Warum verlieren wir so schnell und so viel biologische Vielfalt? Die Leopoldina-Wissenschaftler sehen u.a. die Intensivierung der Landnutzung, den hohen Fleischkonsum und den Klimawandel als Ursachen. Mit einem 10-Punkte-Plan richten sie sich an Politiker aber auch an uns Bürger. Neben der fundamentalen Neuausrichtung der Agrar- und Fischereipolitik legen sie einen Schwerpunkt auf die Schutzgebiete, eine Forderung, die die ZGF sehr deutlich unterstreicht:
"Um einen Großteil der Biodiversität zu erhalten, sollten mindestens 30, besser 50 Prozent der eisfreien Landflächen unter Schutz gestellt werden", sagt Dr. Christof Schenck. Das würde eine Verdopplung bzw. Verdreifachung der bisherigen Schutzgebiete bedeuten.
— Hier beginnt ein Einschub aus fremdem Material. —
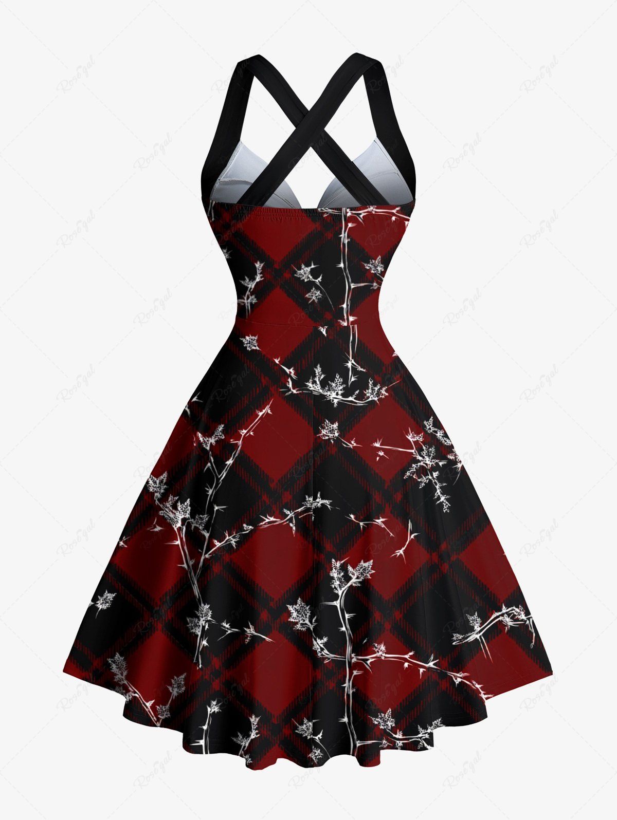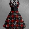 Gothic Christmas Plaid Branch Print Crisscross Strappy Halter A Line Dress
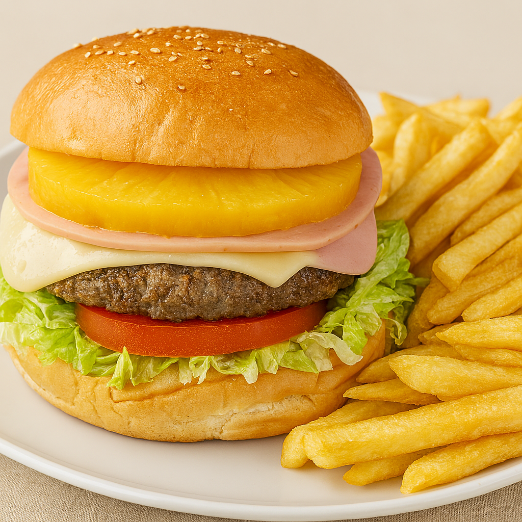 Carne artesanal, jamón, queso, piña, papas fritas, tomate, lechuga y cremas a elección.
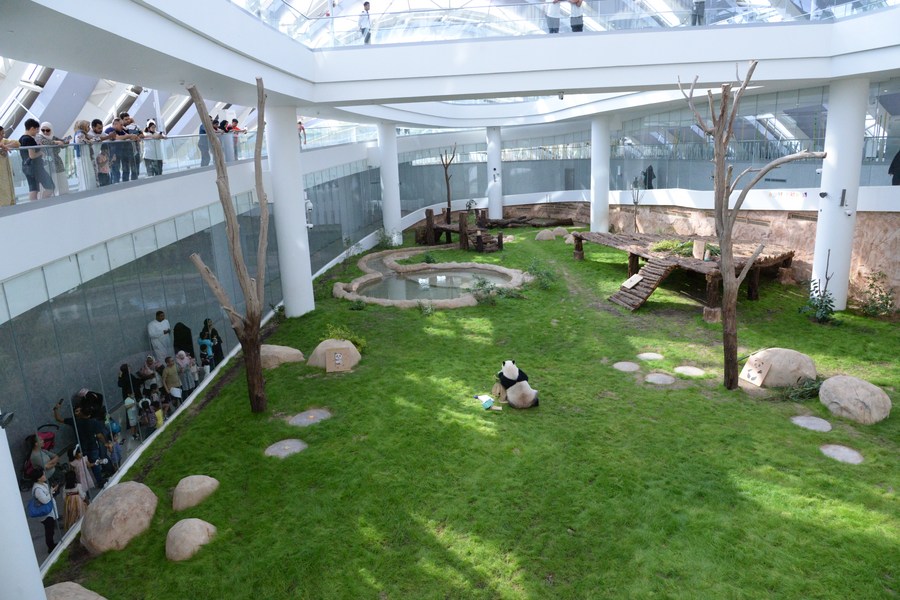 Qatar, located in the Middle East on the Gulf, has a hot climate, with summer temperatures reaching 50 degrees Celsius, posing significant challenges to giant panda conservation. To make the guests more comfortable, the Qatar Panda House was thoughtfully designed, featuring innovative glass skylights and meticulously controlled air conditioning to replicate seasonal changes.

Aufgrund des hohen ökologischen Fußabdrucks der EU und auch Deutschlands müsse genau von diesen Ländern aus eine massive finanzielle Unterstützung der Schutzgebiete in der artenreichen Tropenzone erfolgen. Als besonders bedeutsam sieht Schenck die geforderte "Biodiversitätsallianz für Afrika" an. Die dortigen Schutzgebiete sollen mit einer Grundfinanzierung von etwa vier Milliarden Euro gesichert werden. Mehrere Milliarden sollen in einen "Legacy Landscapes" genannten Schutzgebietsfonds fließen, der nach einem Stiftungsmodell und in Zusammenarbeit mit den NGOs die dauerhafte Sicherung der wichtigsten Gebiete gewährleisten soll.
Die ZGF fühlt sich durch den Bericht der Leopoldina in ihrer Arbeit bestätigt. Sie konzentriert sich auf die Erhaltung von biodiversitätsreichen Wildnisregionen und arbeitet seit mehreren Jahren an dem "Legacy Landscapes"-Ansatz. Dieser neuartige Stiftungsfonds wird derzeit von der KfW-Entwicklungsbank und dem Bundesministerium für wirtschaftliche Zusammenarbeit BMZ entwickelt, mit Unterstützung u.a. der Weltnaturschutzorganisation IUCN, der UNESCO, des WWF, African Parks, der Wildlife Conservation Society und der Zoologischen Gesellschaft Frankfurt.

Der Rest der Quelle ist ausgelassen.